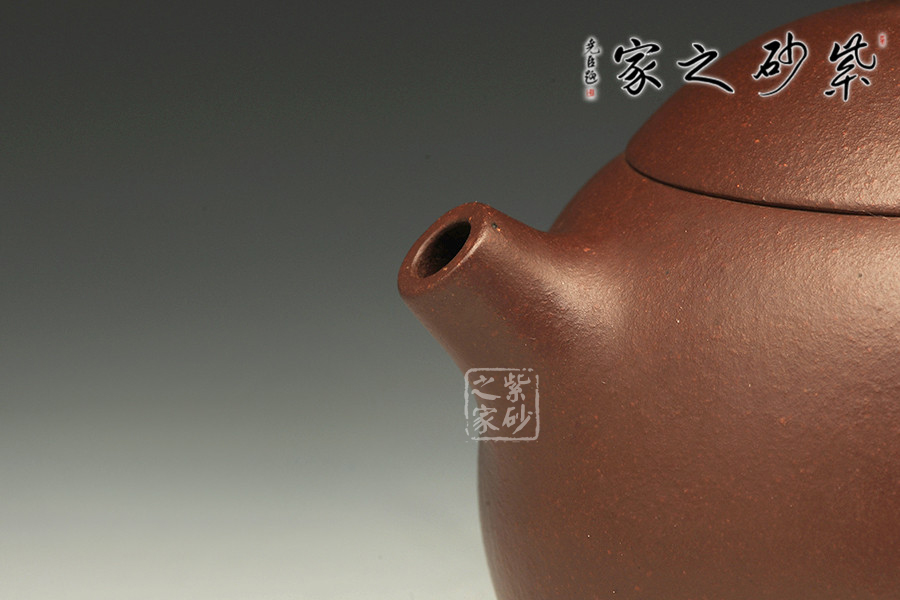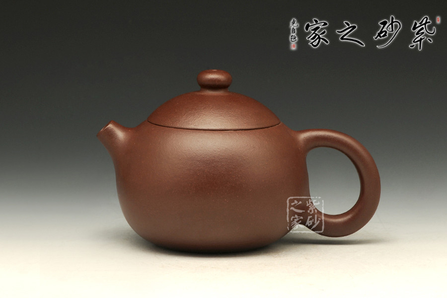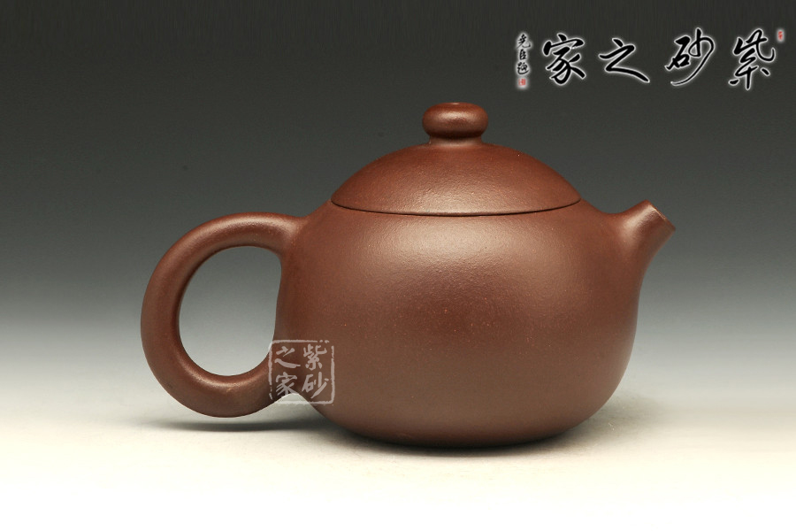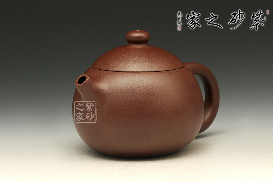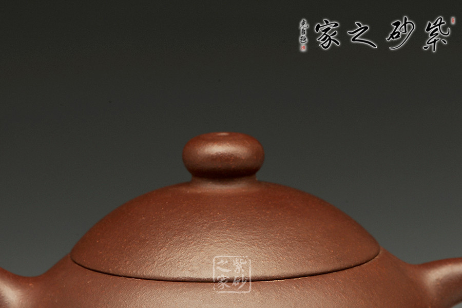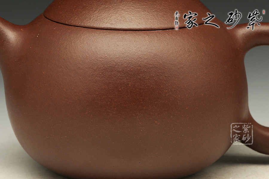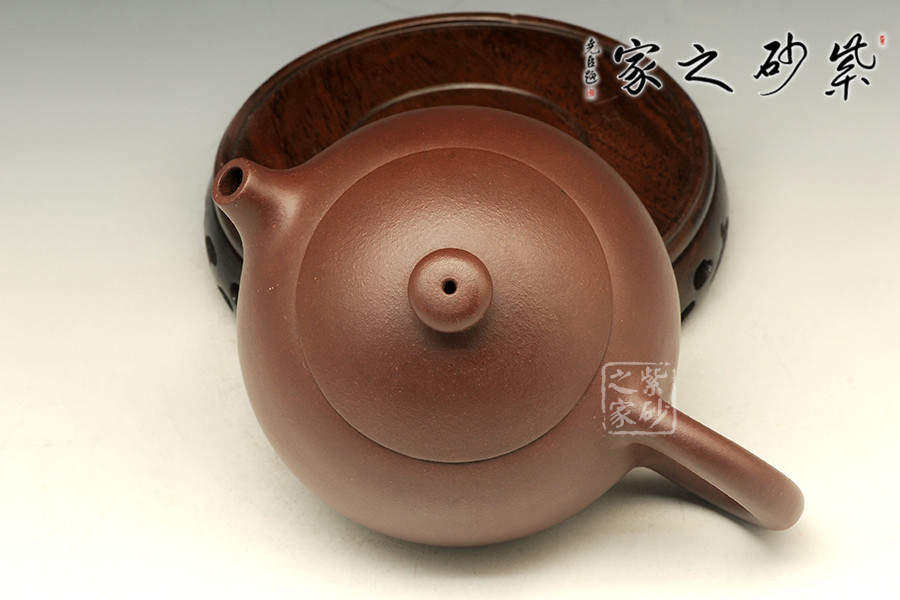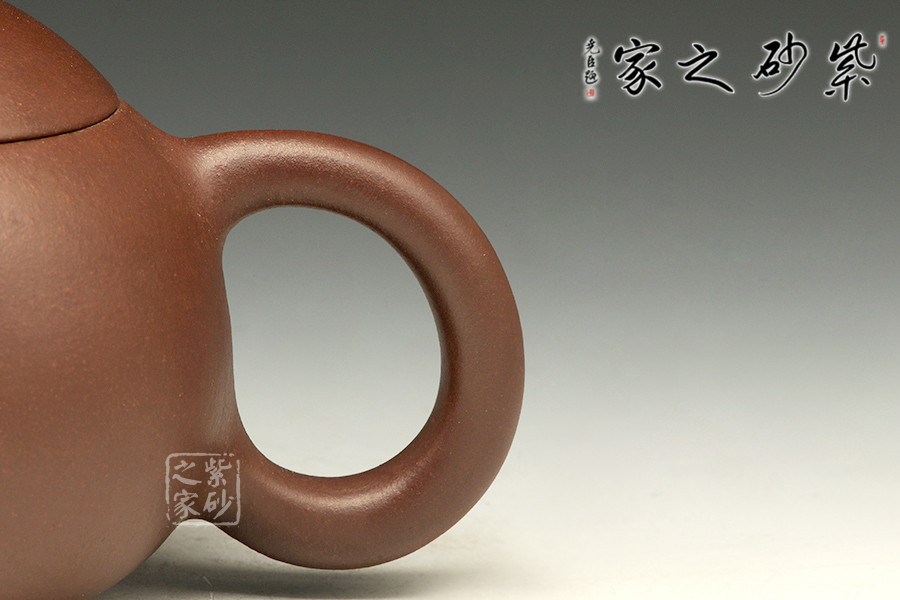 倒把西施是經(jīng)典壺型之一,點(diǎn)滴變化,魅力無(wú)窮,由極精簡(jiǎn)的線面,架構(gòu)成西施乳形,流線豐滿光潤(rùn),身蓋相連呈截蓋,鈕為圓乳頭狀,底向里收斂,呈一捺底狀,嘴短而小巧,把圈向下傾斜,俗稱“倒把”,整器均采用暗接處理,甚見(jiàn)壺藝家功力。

...

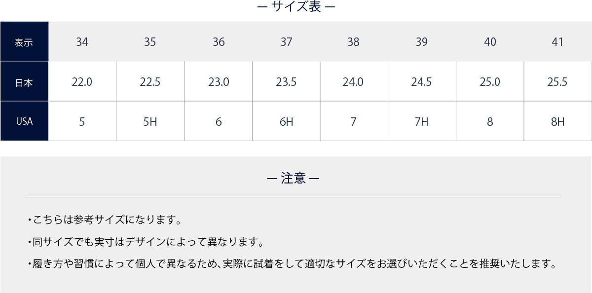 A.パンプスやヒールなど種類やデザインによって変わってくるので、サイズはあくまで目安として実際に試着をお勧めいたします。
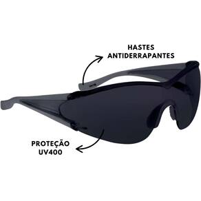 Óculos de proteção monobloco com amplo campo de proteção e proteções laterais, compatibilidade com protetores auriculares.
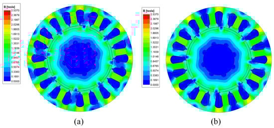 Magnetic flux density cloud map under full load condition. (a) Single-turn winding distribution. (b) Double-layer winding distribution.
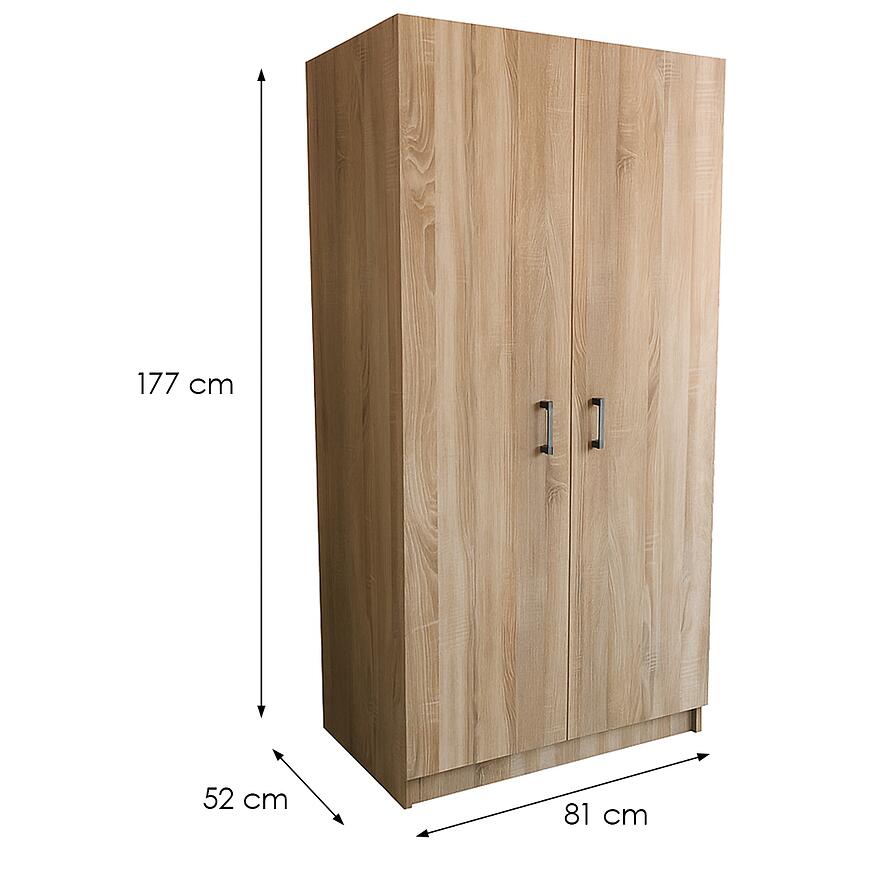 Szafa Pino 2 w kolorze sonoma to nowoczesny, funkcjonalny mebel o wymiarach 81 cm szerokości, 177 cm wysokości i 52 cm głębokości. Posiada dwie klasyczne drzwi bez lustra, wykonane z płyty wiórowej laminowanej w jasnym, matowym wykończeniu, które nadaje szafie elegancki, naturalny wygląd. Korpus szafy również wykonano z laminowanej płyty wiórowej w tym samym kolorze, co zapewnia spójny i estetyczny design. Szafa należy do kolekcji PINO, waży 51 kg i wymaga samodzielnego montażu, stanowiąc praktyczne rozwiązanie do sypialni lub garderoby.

What needs to be done: Write out exactly the lines above between the one with "Óculos de proteção" and the one with "Szafa Pino 2", inclusive, with pictures left out.

Output for this exercise:
 Óculos de proteção monobloco com amplo campo de proteção e proteções laterais, compatibilidade com protetores auriculares.
 Magnetic flux density cloud map under full load condition. (a) Single-turn winding distribution. (b) Double-layer winding distribution.
 Szafa Pino 2 w kolorze sonoma to nowoczesny, funkcjonalny mebel o wymiarach 81 cm szerokości, 177 cm wysokości i 52 cm głębokości. Posiada dwie klasyczne drzwi bez lustra, wykonane z płyty wiórowej laminowanej w jasnym, matowym wykończeniu, które nadaje szafie elegancki, naturalny wygląd. Korpus szafy również wykonano z laminowanej płyty wiórowej w tym samym kolorze, co zapewnia spójny i estetyczny design. Szafa należy do kolekcji PINO, waży 51 kg i wymaga samodzielnego montażu, stanowiąc praktyczne rozwiązanie do sypialni lub garderoby.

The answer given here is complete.